Let $\Lambda$ be a cocommutative Hopf algebra over a commutative ring $R$. For two left $\Lambda$-modules $M$ and $N$, interpret $\mathrm{Ext}_{\Lambda}^n(M,N)$ as the set of equivalence classes of extensions of $M$ by $N$, which are exact sequences of left $\Lambda$-modules
$$0\to N\to A_{n-1}\to\ldots\to A_0\to M\to 0$$
with $n$ intermediate terms. On page $58$ of Benson's "Representations and Cohomology," Volume 1, there is a reference to a natural map
$$\mathrm{Ext}^n_{\Lambda}(R,R)\xrightarrow{\otimes_RM}\mathrm{Ext}_{\Lambda}^n(M,M)$$
given by "tensoring exact sequences with $M$." However, it is not clear to me that $-\otimes_RM$ is an exact functor, so if
$$0\to R\to A_{n-1}\to\ldots\to A_0\to R\to 0$$
is exact, why does it follow that
$$0\to M\to A_{n-1}\otimes_RM\to\ldots\to A_0\otimes_RM\to M\to 0$$
is also exact? Also, if I view $\mathrm{Ext}^n_{\Lambda}(R,R)$ as the set of equivalence classes of maps $\zeta:P_n\to R$ where $P^{\bullet}$ is a projective resolution of $R$, then how do I construct the image of the element represented by $\zeta$ under this natural map? (in terms of a map $Q_n\to M$ where $Q^{\bullet}$ is a projective resolution of $M$)

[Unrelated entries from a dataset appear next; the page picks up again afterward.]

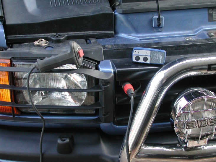 Next was the factory winch remote, which is plug in 12ft wander lead with the hand control on the end. The Socket for the wander lead is fitted to the front of the factory winch solenoid box. So this was removed and I looked for a place to fit this on the car. Many people drill a hole into the front grille and fit it there, but I wanted to avoid as much as possible drilling holes etc etc, so if it was all removed later on, then it would still look as if nothing was ever there. After choosing my location, I made up a small bracket to fit the socket, and sprayed it black to.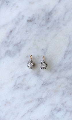 Boucles d'oreilles dormeuses en or rose 18kt et platine (poinçon : tête de cheval) ornées de deux diamants taillés à l'ancienne dont le poids total est estimé à environ 0,55 Ct (couleur estimée H et J/ Pureté estimée VS), surplombés de deux petits diamants taillés en rose. Chaton ouvragé en platine, système de fermeture en or rose 18kt. Monture numérotée. Travail Français de la fin du XIXe Siècle. Poids brut: 3,50 g Hauteur totale: 1,40 cm Largeur: 0,80 cm État: très légères micro rayures sur les parties or et platine, une petite ébréchure sur un des deux gros diamants, voir photos.
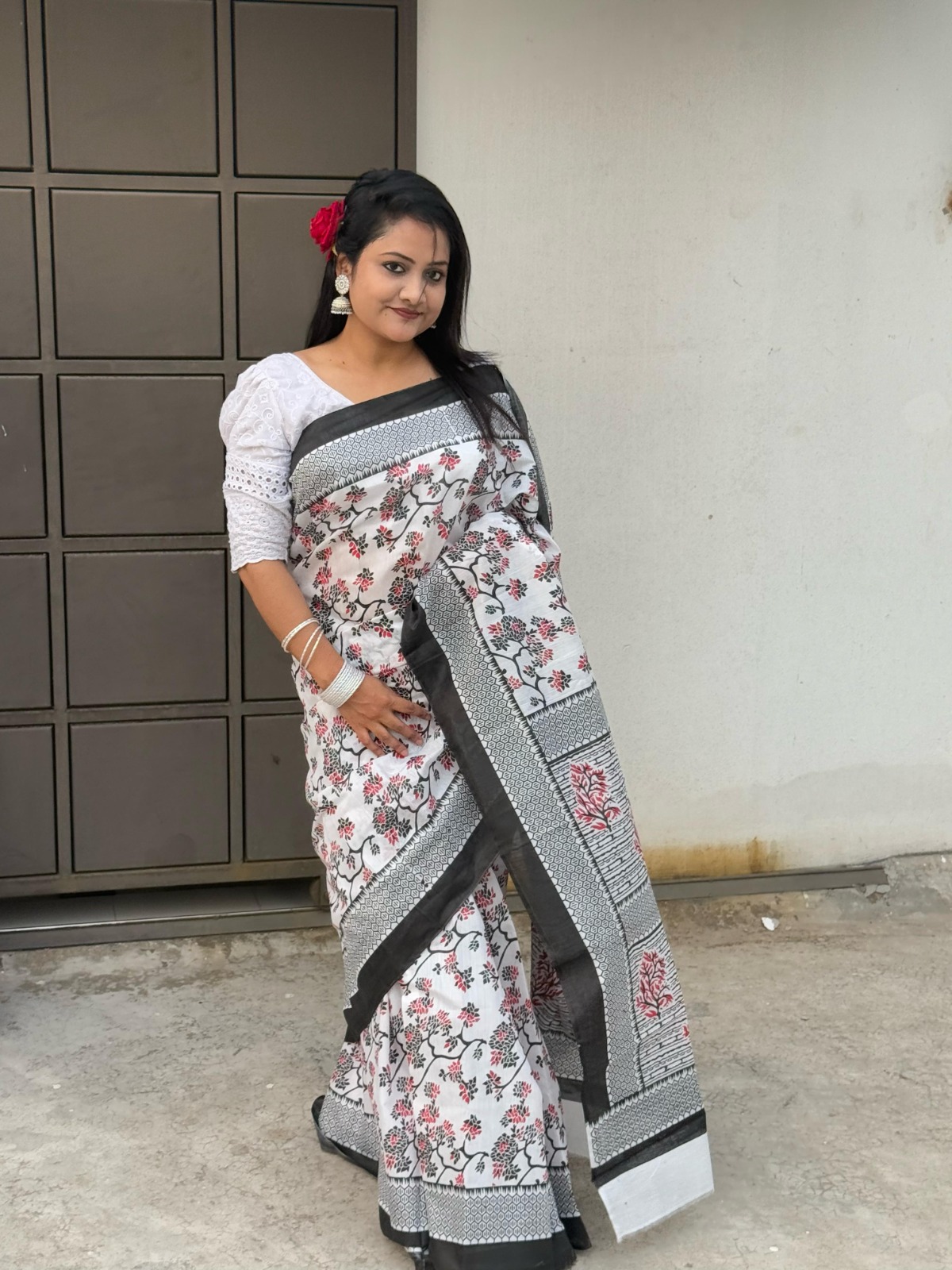 শাড়ির ডিটেইলসঃ প্রিমিয়াম হাফসিল্ক শাড়ি স্কিন প্রিন্টের কাজ করা ব্লাউজ পিস থাকবে না।

With regard to your first question: in that section, the assumption given at the start (that $M$ is a projective $R$-module) is in force throughout. This makes $ -\otimes_R M$ exact, since projective modules are flat. Otherwise you are right that there is no reason to think the sequence will remain exact after tensoring with $M$.
For your second question, the image of $\xi$ is the map $\xi\otimes \operatorname{id}_M : P_n \otimes M \to R \otimes M = M$. This makes sense because $P_* \otimes M$ is a projective resolution of $R\otimes M=M$, since (by 3.1.5 in your book) $P\otimes M$ is projective whenever $P$ is, and as above tensoring over $R$ with $M$ preserves exactness. If you have a fixed projective resolution $Q_*$ of $M$ you must compute a chain map $H_*: Q_* \to P_*\otimes M$ lifting the identity map $M \to M$ (see 2.4.2), and then the image of $\xi$ will be represented by $(\xi \otimes \operatorname{id}) \circ n : Q_n \to M$.